Simultaneous Multiparameter Mapping of the Liver in a Single Breath-Hold or Respiratory-Triggered Acquisition Using Multi-Inversion Spin and Gradient Echo MRI

Mary Kate Manhard; Anandh Kilpattu Ramaniharan; Jean A Tkach; Andrew T Trout; Jonathan R Dillman; Amol S Pednekar

doi:10.1002/jmri.29584

Simultaneous Multiparameter Mapping of the Liver in a Single Breath-Hold or Respiratory-Triggered Acquisition Using Multi-Inversion Spin and Gradient Echo MRI

J Magn Reson Imaging. 2024 Aug 27. doi: 10.1002/jmri.29584. Online ahead of print.

Authors

Mary Kate Manhard^{1

2}, Anandh Kilpattu Ramaniharan¹, Jean A Tkach^{1

2}, Andrew T Trout^{1

2}, Jonathan R Dillman^{1

2}, Amol S Pednekar^{1

2}

Affiliations

¹ Department of Radiology, Cincinnati Children's Hospital Medical Center, Cincinnati, Ohio, USA.
² Department of Radiology, University of Cincinnati College of Medicine, Cincinnati, Ohio, USA.

PMID: 39192381
DOI: 10.1002/jmri.29584

Abstract

Background: Quantitative parametric mapping is an increasingly important tool for noninvasive assessment of chronic liver disease. Conventional parametric mapping techniques require multiple breath-held acquisitions and provide limited anatomic coverage.

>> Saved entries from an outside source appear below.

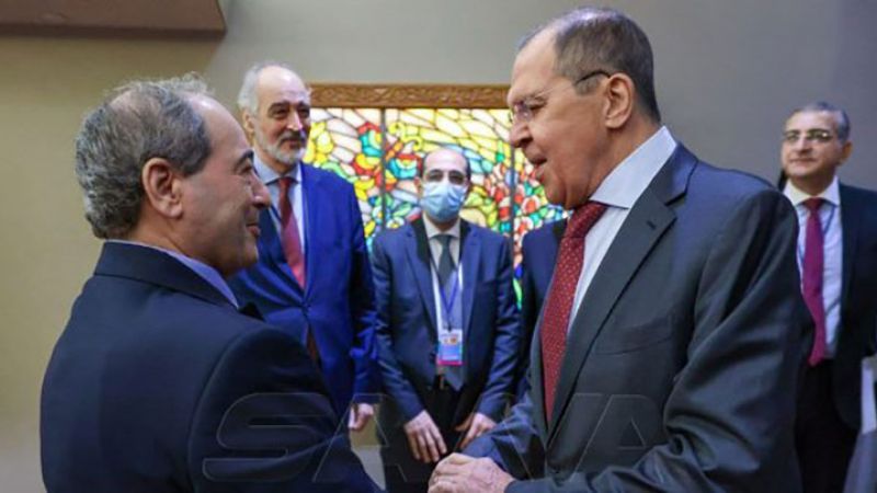بحث وزير الخارجية السورية فيصل المقداد في نيويورك مع نظيره الروسي سيرغي لافروف مختلف الجوانب المتعلقة بتمتين العلاقات الثنائية المميزة بين البلدين الصديقين على جميع الصعد السياسية والاقتصادية والتي شهدت زخماً جديداً من خلال القمة الأخيرة التي عقدت بين الرئيسين بشار الأسد وفلاديمير بوتين في موسكو.
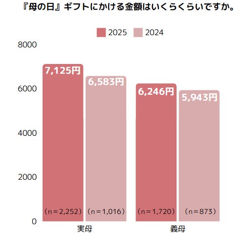 ・購入予算の平均額は、実母7,125円(前年比+542円)、義母6,246円(前年比+303円)とともに増加傾向。
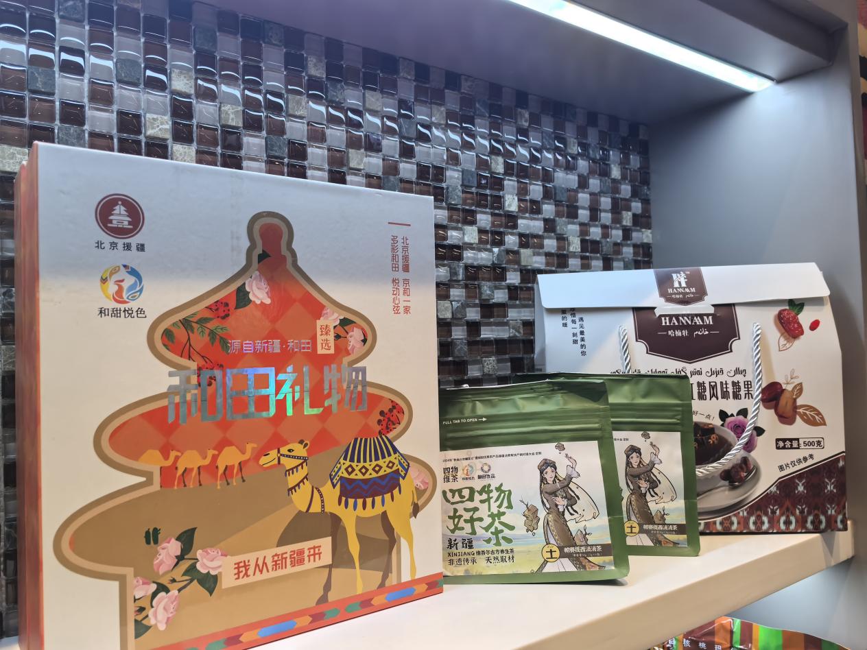 “和田地区北京地铁城市客厅”展示的和田特色产品。
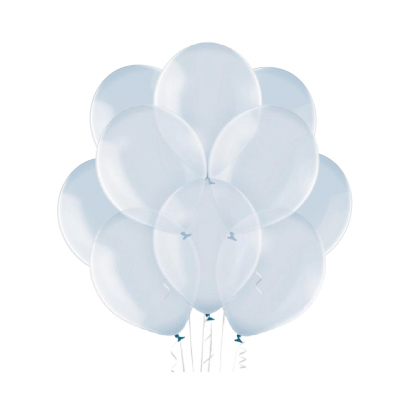 Zestaw 10 sztuk wysokiej jakości balonów lateksowych przezroczystych niebieskich.
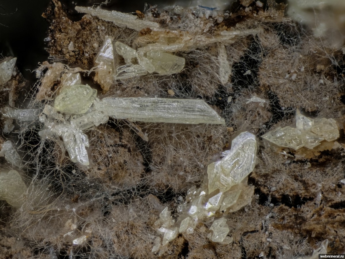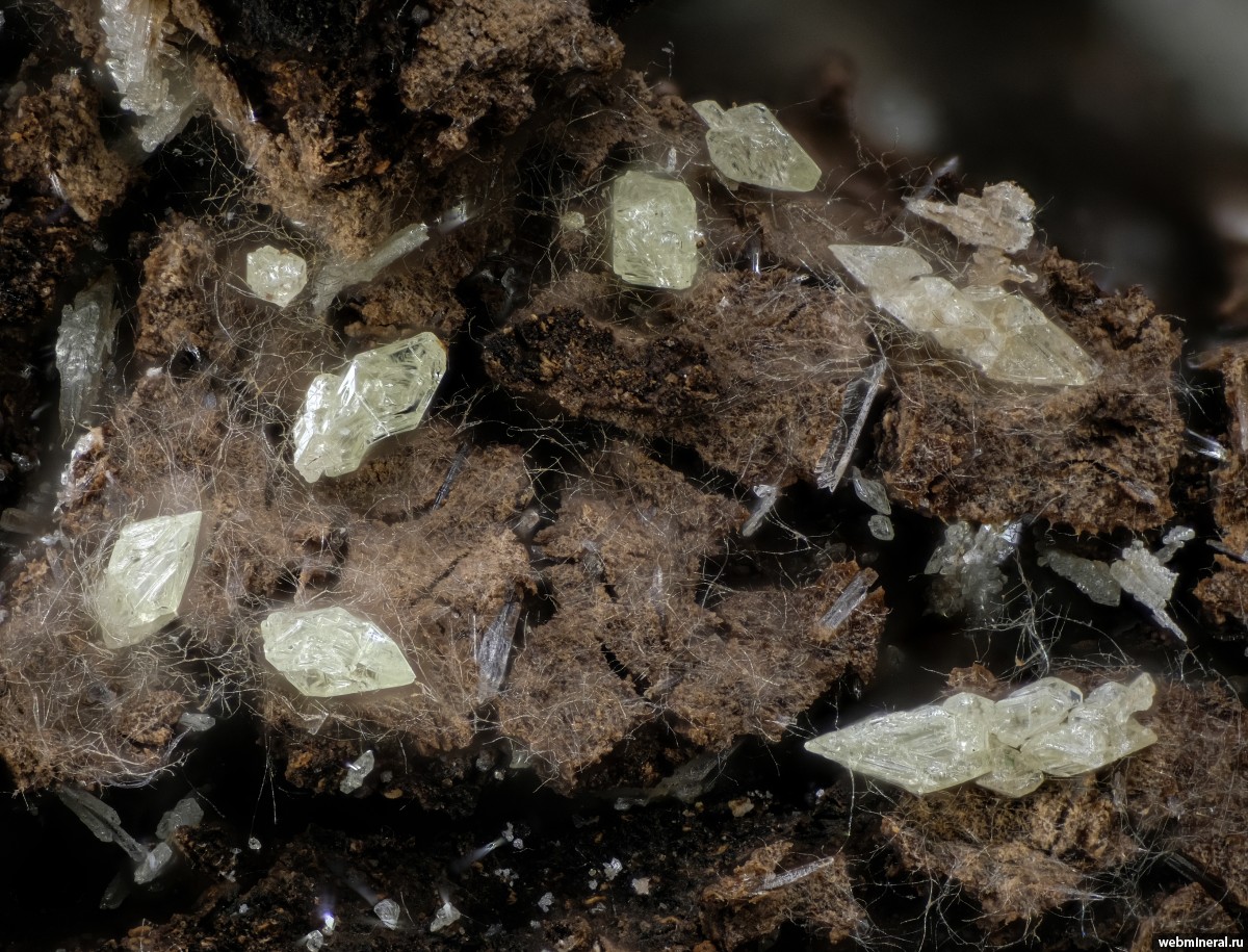 Мелкие, частью скелетные кристаллики светло-желтой серы размером до 0,5 мм и удлиненные (до игольчатых) кристаллы белого гипса размером до 1 мм на стенках трещин в буром угле. Кристаллы гипса и серы соседствуют с тонковолокнистыми скоплениями грибов (типа обычной плесени) которые выросли в комфортных условиях богатого органикой сырого угольного пласта, подогретого теплом подземного пожара. Находка - 2025 год.
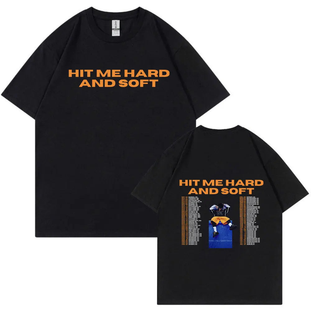 Unisex pohodlné triko s nápisem Hit Me Hard and Soft s krátkým rukávem.

Purpose: To investigate a multi-inversion spin and gradient echo (MI-SAGE) technique for simultaneous estimation of T₁, T₂, and T₂* of the liver.

Study type: Prospective.

Subjects: Sixteen research participants, both adult and pediatric (age 17.5 ± 4.6 years, eight male), with and without known liver disease (seven asymptomatic healthy controls, two fibrotic liver disease, five steatotic liver disease, and two fibrotic and steatotic liver disease).

Field strength/sequence: 1.5 T, single breath-hold and respiratory triggered MI-SAGE, breath-hold modified Look-Locker inversion recovery (MOLLI, T₁ mapping), breath-hold gradient and spin echo (GRASE, T₂ mapping), and multiple gradient echo (mGRE, T₂* mapping) sequences.

Assessment: Agreement between hepatic T₁, T₂, and T₂* estimated using MI-SAGE and conventional parametric mapping sequences was evaluated. Repeatability and reproducibility of MI-SAGE were evaluated using a same-session acquisition and second-session acquisition.

Statistical tests: Bland-Altman analysis with bias assessment and limits of agreement (LOA) and intraclass correlation coefficients (ICC).

Results: Hepatic T₁, T₂, and T₂* estimates obtained using the MI-SAGE technique had mean biases of 72 (LOA: -22 to 166) msec, -3 (LOA: -10 to 5) msec, and 2 (LOA: -5 to 8) msec (single breath-hold) and 36 (LOA: -43 to 120) msec, -3 (LOA: -17 to 11) msec, and 4 (LOA: -3 to 11) msec (respiratory triggered), respectively, in comparison to conventional acquisitions using MOLLI, GRASE, and mGRE. All MI-SAGE estimates had strong repeatability and reproducibility (ICC > 0.72).

Data conclusion: Hepatic T₁, T₂, and T₂* estimates obtained using an MI-SAGE technique were comparable to conventional methods, although there was a 12%/6% for breath-hold/respiratory triggered underestimation of T₁ values compared to MOLLI. Both respiratory triggered and breath-hold MI-SAGE parameter maps demonstrated strong repeatability and reproducibility.

Level of evidence: 1 TECHNICAL EFFICACY: Stage 2.

Keywords: free breathing; liver; quantitative MRI; rapid relaxometry.